## Exercise brief
Print the listing in its entirety and exactly, leaving out images.

## Dataset content
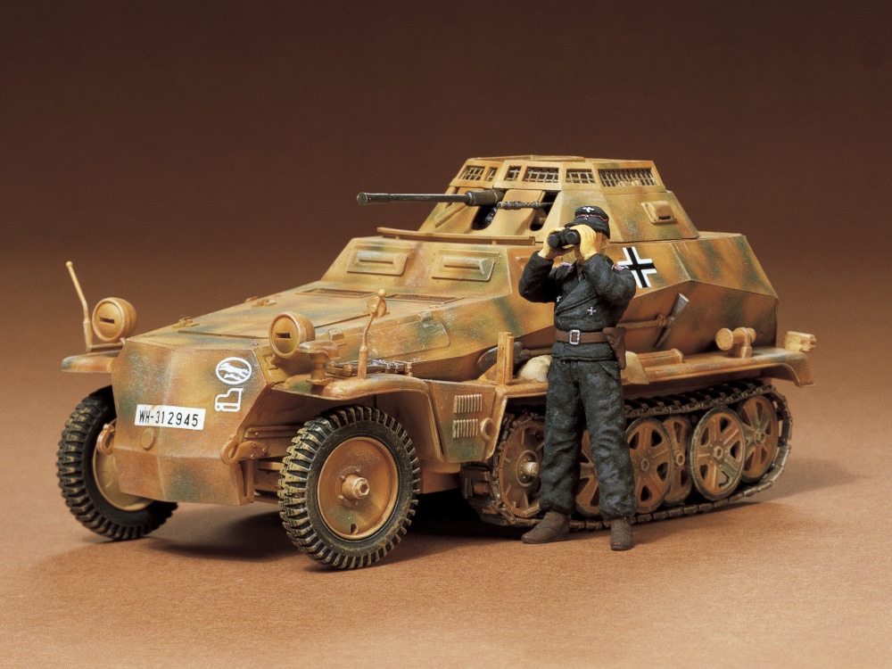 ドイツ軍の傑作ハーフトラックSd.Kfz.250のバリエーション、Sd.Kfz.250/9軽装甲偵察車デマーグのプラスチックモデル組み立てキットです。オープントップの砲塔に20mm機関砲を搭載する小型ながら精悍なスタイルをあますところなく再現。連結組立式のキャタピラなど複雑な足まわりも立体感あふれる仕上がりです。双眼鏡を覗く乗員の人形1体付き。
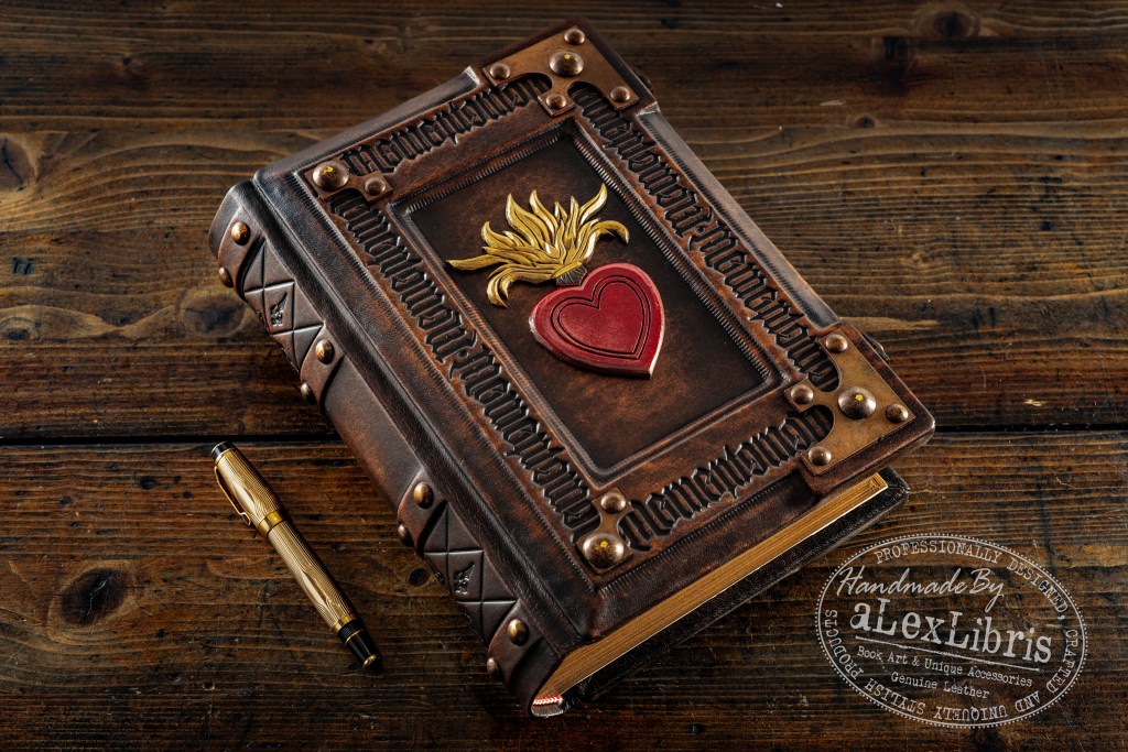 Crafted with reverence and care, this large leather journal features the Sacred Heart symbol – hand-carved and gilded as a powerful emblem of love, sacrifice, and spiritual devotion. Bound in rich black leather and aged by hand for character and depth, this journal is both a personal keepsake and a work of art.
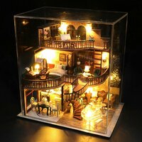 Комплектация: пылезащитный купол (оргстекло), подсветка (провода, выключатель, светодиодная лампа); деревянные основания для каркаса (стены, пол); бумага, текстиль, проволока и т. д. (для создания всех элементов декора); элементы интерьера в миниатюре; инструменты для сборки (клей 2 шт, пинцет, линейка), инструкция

## Response area
 ドイツ軍の傑作ハーフトラックSd.Kfz.250のバリエーション、Sd.Kfz.250/9軽装甲偵察車デマーグのプラスチックモデル組み立てキットです。オープントップの砲塔に20mm機関砲を搭載する小型ながら精悍なスタイルをあますところなく再現。連結組立式のキャタピラなど複雑な足まわりも立体感あふれる仕上がりです。双眼鏡を覗く乗員の人形1体付き。
 Crafted with reverence and care, this large leather journal features the Sacred Heart symbol – hand-carved and gilded as a powerful emblem of love, sacrifice, and spiritual devotion. Bound in rich black leather and aged by hand for character and depth, this journal is both a personal keepsake and a work of art.
 Комплектация: пылезащитный купол (оргстекло), подсветка (провода, выключатель, светодиодная лампа); деревянные основания для каркаса (стены, пол); бумага, текстиль, проволока и т. д. (для создания всех элементов декора); элементы интерьера в миниатюре; инструменты для сборки (клей 2 шт, пинцет, линейка), инструкция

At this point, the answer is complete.